I evaluated MongoDB as a search engine but what I didn't like was high overhead of using indexes for words. It was like 10x slower when inserting documents containing indexed string-array field. I got real-time indexes updating, but I wanted to have some kind of bulk index updates, as the overhead was too big. And it wasn't available when I checked it about 1 year ago.
I don't know what the plan is, but an integrated stemmer alone isn't of big value to me. Actually I prefer to have a stemmer in my own code, so I can tweak/update it without touching a database.
Yeah... I'm a big fan of PostgreSQL's included full-text search features, but it always seemed weird to me that they seemed to go to so much trouble to include a complex multi-language stemmer... I guess it made it easy to get started with, but I immediately found a bunch of application-specific "no, I really need these specific words (maybe the name of the company, or commonly-searched-for API function names that are all fairly similar) to not be stemmed, and I want you to index this special syntax (maybe a Twitter @-reply or hashtag) as a single token including the punctuation" issues that made me start providing pre-stemmed streams of tokens.
What will the implementation details of this be? Manually stemming text and adding values in a list like prior was far from ideal. In fact, when I full text index, I don't even want to have to think about stem lists, not to mention the performance penalty. How will this be used?
When you can't have Apache Lucene, because you are using PHP/RoR/Django/node.js/whatever, you can always have "basic text indexing and search".
that's a bad news for users of all those PHP/RoR/Django/node etc. apps, who will never get proper on site search functionality.

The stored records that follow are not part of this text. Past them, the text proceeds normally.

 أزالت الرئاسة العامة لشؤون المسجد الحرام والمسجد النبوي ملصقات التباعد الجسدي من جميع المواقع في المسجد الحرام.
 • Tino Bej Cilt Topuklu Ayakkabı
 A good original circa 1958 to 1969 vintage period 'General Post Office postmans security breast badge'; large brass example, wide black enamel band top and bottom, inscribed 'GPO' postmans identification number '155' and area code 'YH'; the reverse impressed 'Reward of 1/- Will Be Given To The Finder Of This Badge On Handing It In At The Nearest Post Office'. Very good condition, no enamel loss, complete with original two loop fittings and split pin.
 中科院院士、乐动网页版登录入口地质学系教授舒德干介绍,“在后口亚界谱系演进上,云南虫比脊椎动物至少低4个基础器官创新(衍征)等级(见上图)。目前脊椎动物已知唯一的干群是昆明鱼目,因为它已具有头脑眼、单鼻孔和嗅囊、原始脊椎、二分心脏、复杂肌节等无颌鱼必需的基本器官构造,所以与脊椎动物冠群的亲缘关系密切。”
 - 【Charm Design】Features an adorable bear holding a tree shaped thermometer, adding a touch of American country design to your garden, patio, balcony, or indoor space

majority of lazy devs won't go for Solr-like solution
My environment of choice is Python. I've used solr before but for a project a while back I used the pure Python Whoosh http://packages.python.org/Whoosh/
The intention was to quickly develop the extra search pieces needed in Python and then port them to solr. (For example we needed a custom scoring mechanism, and needed to experiment with spelling errors, pronunciation equivalency etc). However Whoosh turned out performant enough that I didn't need to touch solr again (XML config files always make me judder!)
So if you Python, I strong recommend giving Whoosh a go especially when starting out a project as you'll be more productive.

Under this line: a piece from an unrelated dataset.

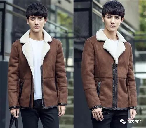 麂皮面料的外套非常特别,皮毛一体的外套带给你不一般的温暖感,小翻领的设计加羊羔毛的设计为男士增添了时髦的气息,拼皮的设计却又不失个性,下身搭配一条黑色的长裤,简约搭配很是帅气。
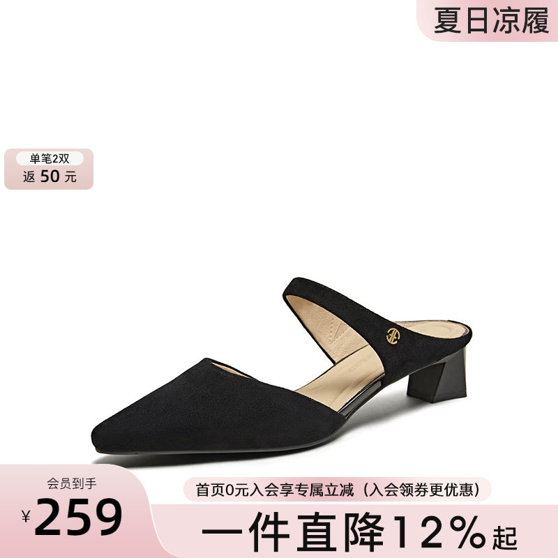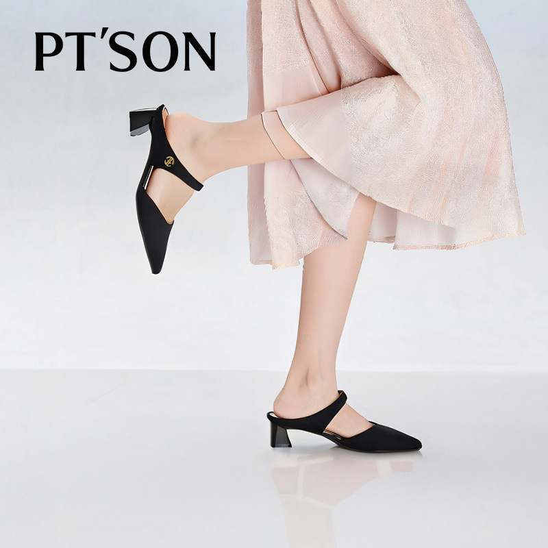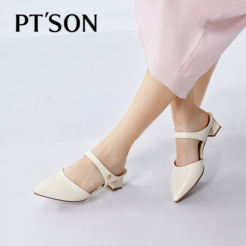 百田森真皮穆勒鞋女凉拖鞋女夏外穿新款高级感粗跟包头尖头鞋

This is just flat out misinformation. You can use lucene from pretty much any environment. In rails it is utterly trivial to integrate solr/lucene, it's probably about 2 or 3 lines of code. I assume it's similar for other frameworks.
What host doesn't let you run java software? I did a dry run a long time ago with solr and ubuntu under VMware fusion in a half gig VM (or maybe 684 Meg), and it's my impression that solr won't run well in limited memory (sphinx works fine) but it's been a while
You can't run Solr/Lucene properly on Google App Engine(just an example), other software may run better in such circumstances, but its quality is questionable
We used it only for Spanish, it worked well enough (and fast enough). We deployed on bare metal so no hosting provider (appart from the rack space) was in the middle. If you are doing things this "difficult" you'll need at least a VPS of course.

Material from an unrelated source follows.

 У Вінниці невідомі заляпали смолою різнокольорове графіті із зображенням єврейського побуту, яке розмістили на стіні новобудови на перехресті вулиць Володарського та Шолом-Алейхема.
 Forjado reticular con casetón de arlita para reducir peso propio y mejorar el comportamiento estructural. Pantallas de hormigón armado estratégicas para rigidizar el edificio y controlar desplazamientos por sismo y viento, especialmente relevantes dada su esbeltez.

Thanks to rake and brew etc, Thinking sphinx, sunspot and elastic search/tire are all pretty easy with rails if you want default indexes on English language docs. It all gets complex quickly when you start layering on multiple search strategies and indexes, n-gram search, convert ISO latin to ASCII, etc, not to mention the S word "scaling" and anything near realtime index updates
As long as there is a better one - yes. Why not? There are elasticsearch-clients that pretty much plug into activerecord and elasticsearch is pretty darn good.
>Personally, for a lot of use cases I prefer exact string matches over BS stem indexing.
Really? I've worked on a few search projects in different spaces (venues (aka places/stores), source code, and products) in the past, and while exact string matches are often a good sign of quality, stemming and other analyzers make huge improvements in recall (and when measuring transaction volume in A/B testing strict string matching performed substantially worse). Certainly if you throw out the exact match signal (i.e. only index stemmed) I've seen that result in a deterioration of quality. What sort of data do you work with?
Wow, its about time! Using Postgres full text search is okay, but I still prefer ElasticSearch. Hopefully, Mongo's implementation will circumvent the need to maintain both a persistence DB as well as a full text search engine. Looking forward to test driving it!
interesting commit, though its got a long way to go to match up to something like PostgreSQL (or at the other end of the scale, MarkLogic, for extremely mature structure/unstructured + text search).
from an impl pov I suspect the stemmer is the (logical) next step (of many) on this long road of implementing full text search features.
I don't know what the plan is, but an integrated stemmer alone isn't of big value to me. Actually I prefer to have a stemmer in my own code, so I can tweak/update it without touching a database.